Cumb1-1703A steel-framed solution has been chosen for Cumbria County Council’s new offices in Carlisle.

Cumbria County Council offices, Carlisle
Main client: Cumbria County Council
Architect: AHR Architects
Main contractor: Eric Wright Construction
Structural engineer: Curtins
Steelwork contractor: Border Steelwork Structures
Steel tonnage: 400t
As part of an ongoing cost-saving exercise, Cumbria County Council has moved into a new custom-built £10.4M office block in central Carlisle.

By moving the majority of its staff into the new premises, the Council is able to sell more than 20 older offices throughout the city, a move which will save it around £1M each year.

Located on the historic Botchergate, the headquarters building features 450 workstations and accommodates around 700 staff, with hot desking, mobile working and modern technologies helping to further slash overheads and cut the council’s carbon output in half – from 1,546t to 826t.

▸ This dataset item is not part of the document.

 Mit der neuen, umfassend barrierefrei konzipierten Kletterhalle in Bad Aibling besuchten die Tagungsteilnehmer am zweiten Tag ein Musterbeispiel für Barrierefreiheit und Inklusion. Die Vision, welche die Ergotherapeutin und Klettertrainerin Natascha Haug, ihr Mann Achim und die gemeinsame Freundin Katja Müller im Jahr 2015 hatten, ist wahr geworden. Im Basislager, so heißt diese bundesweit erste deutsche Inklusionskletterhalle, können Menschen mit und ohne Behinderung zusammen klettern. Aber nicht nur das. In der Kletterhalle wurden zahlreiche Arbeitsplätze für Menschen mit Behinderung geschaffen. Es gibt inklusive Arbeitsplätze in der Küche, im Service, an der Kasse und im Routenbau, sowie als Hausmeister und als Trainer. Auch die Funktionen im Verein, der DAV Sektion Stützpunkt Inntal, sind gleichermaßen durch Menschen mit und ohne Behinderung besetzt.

Eric Wright Construction Managing Director John Wilson says: “As a business, and working in partnership with our design team, we’ve extensive experience in creating high-profile, bespoke office accommodation for clients across the UK, and we believe we have delivered such a project that will help Cumbria County Council achieve its commitments to ongoing overhead reductions and cost savings.”

Working to a 62-week programme Eric Wright Construction initially had to prepare the site by demolishing some shops and houses and then installing pad foundations in readiness for the steel frame.

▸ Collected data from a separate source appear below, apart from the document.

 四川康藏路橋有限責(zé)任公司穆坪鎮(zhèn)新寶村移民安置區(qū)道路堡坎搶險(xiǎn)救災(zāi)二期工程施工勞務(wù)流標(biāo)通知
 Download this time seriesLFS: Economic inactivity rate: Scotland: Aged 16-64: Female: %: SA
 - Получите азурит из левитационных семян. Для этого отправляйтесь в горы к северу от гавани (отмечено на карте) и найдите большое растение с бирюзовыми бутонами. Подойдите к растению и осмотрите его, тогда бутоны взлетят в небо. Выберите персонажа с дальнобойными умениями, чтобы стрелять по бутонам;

An archeological dig was also undertaken during the early part of the programme. Medieval and Roman artifacts were unearthed and some of these will be exhibited within the main entrance of the new Council offices.

Offices are arranged around a large central atrium

Offices are arranged around a large central atrium

The steel frame erection begins

The steel frame erection begins

Staff parking is provided to the rear of the new building

Staff parking is provided to the rear of the new building

The steel-framed building is configured into two connected parts, consisting of a four-storey office block arranged around a large central atrium and a two-storey element at the front, which contains the public areas and the main entrance.

“It’s all one large braced structure,” explains Curtins Project Engineer Joe Guest. “All of the structural stability is derived from bracing located in stairwells and in each corner of the building.”

Deciding on where to put the bracing was quite time-consuming as the building’s elevations all have numerous windows, which makes them unsuitable for large cross bracing, while internally there are very few partition walls that could have provided a location.

“We have used conventional cross bracing comprising flat sections in the two-storey part of the building, while the rear block was mainly RHS bracing due to the restricted number of bracing locations leading to forces too high for conventional cross bracing,” adds Mr Guest.

The two-storey part of the structure has been designed with Westok cellular beams (to assist with services integration), while the four-strorey structure was designed with SlimFlor beams supporting 200mm reinforced concrete planks sat on the beam’s bottom flange, providing the offices with the desired exposed soffit.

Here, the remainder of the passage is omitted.